Go through the material below and copy each line where the word "this" appears.

Exercise inputs:
******

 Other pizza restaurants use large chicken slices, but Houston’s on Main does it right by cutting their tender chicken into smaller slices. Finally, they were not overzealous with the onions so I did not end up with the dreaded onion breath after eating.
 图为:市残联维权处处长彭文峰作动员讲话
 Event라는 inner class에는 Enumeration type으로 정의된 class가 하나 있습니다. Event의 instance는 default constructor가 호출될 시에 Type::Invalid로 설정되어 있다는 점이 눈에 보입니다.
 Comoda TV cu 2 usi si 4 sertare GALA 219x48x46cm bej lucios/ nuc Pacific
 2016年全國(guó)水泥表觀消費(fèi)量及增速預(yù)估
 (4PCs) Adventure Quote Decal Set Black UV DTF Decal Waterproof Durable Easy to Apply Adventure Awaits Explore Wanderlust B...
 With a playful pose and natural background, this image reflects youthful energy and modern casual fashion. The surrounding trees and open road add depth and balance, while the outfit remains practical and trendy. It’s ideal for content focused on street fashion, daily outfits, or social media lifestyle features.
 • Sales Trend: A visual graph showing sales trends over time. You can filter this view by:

******

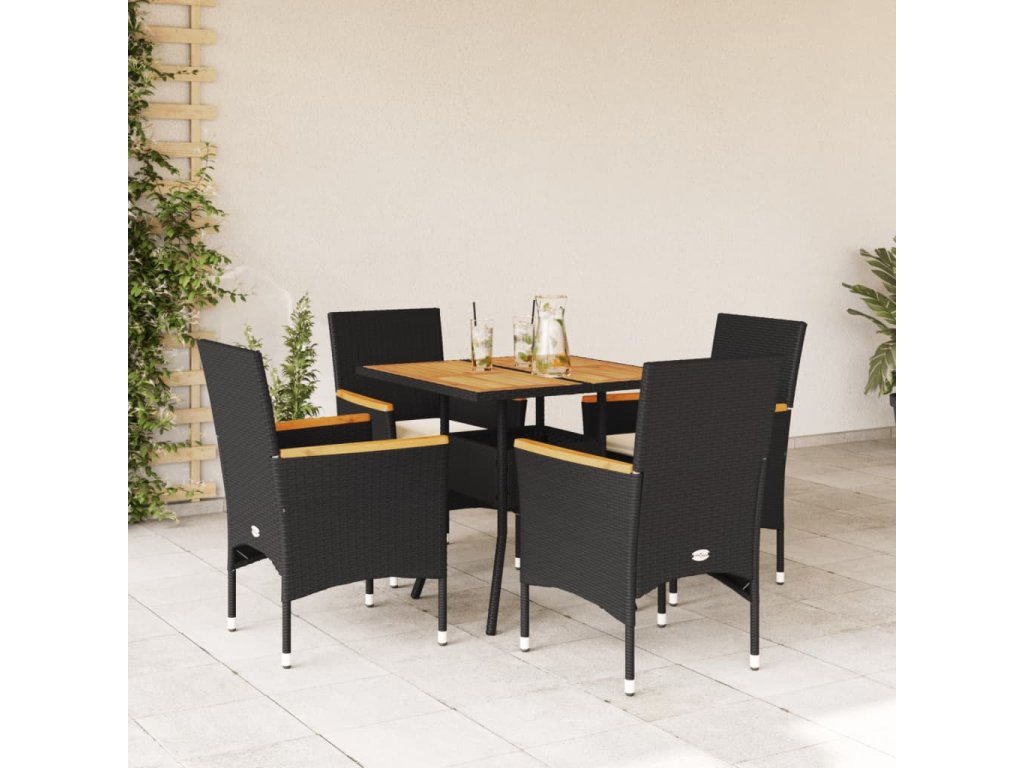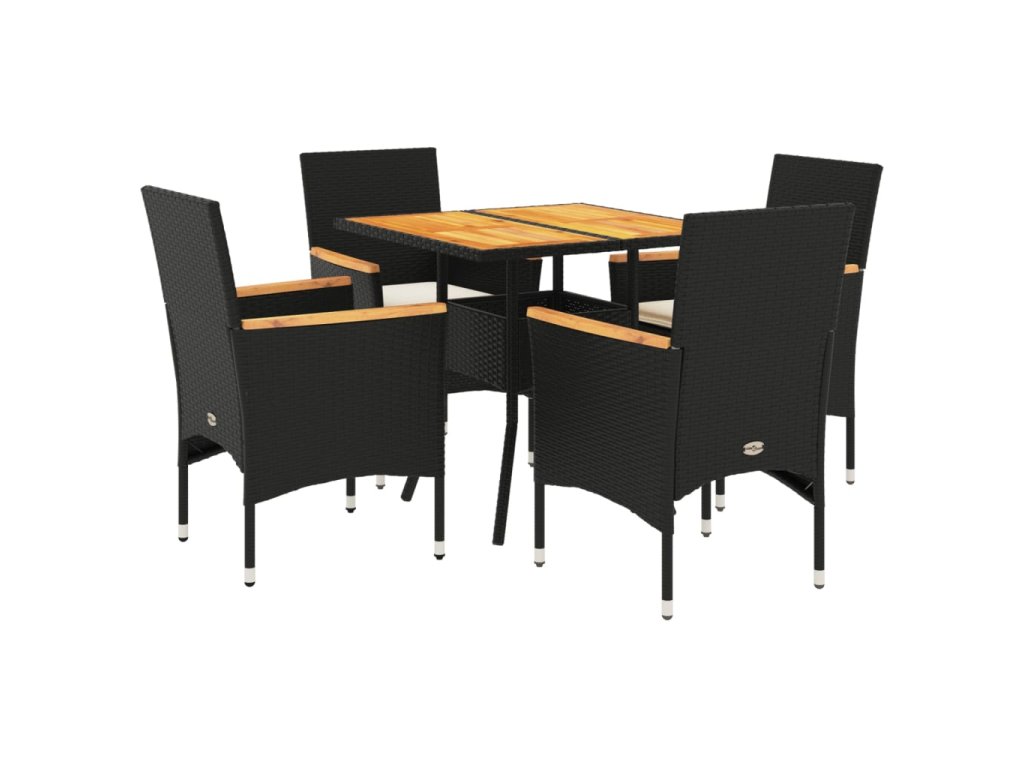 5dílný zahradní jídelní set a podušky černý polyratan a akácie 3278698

******

Worked solution:
 With a playful pose and natural background, this image reflects youthful energy and modern casual fashion. The surrounding trees and open road add depth and balance, while the outfit remains practical and trendy. It’s ideal for content focused on street fashion, daily outfits, or social media lifestyle features.
 • Sales Trend: A visual graph showing sales trends over time. You can filter this view by:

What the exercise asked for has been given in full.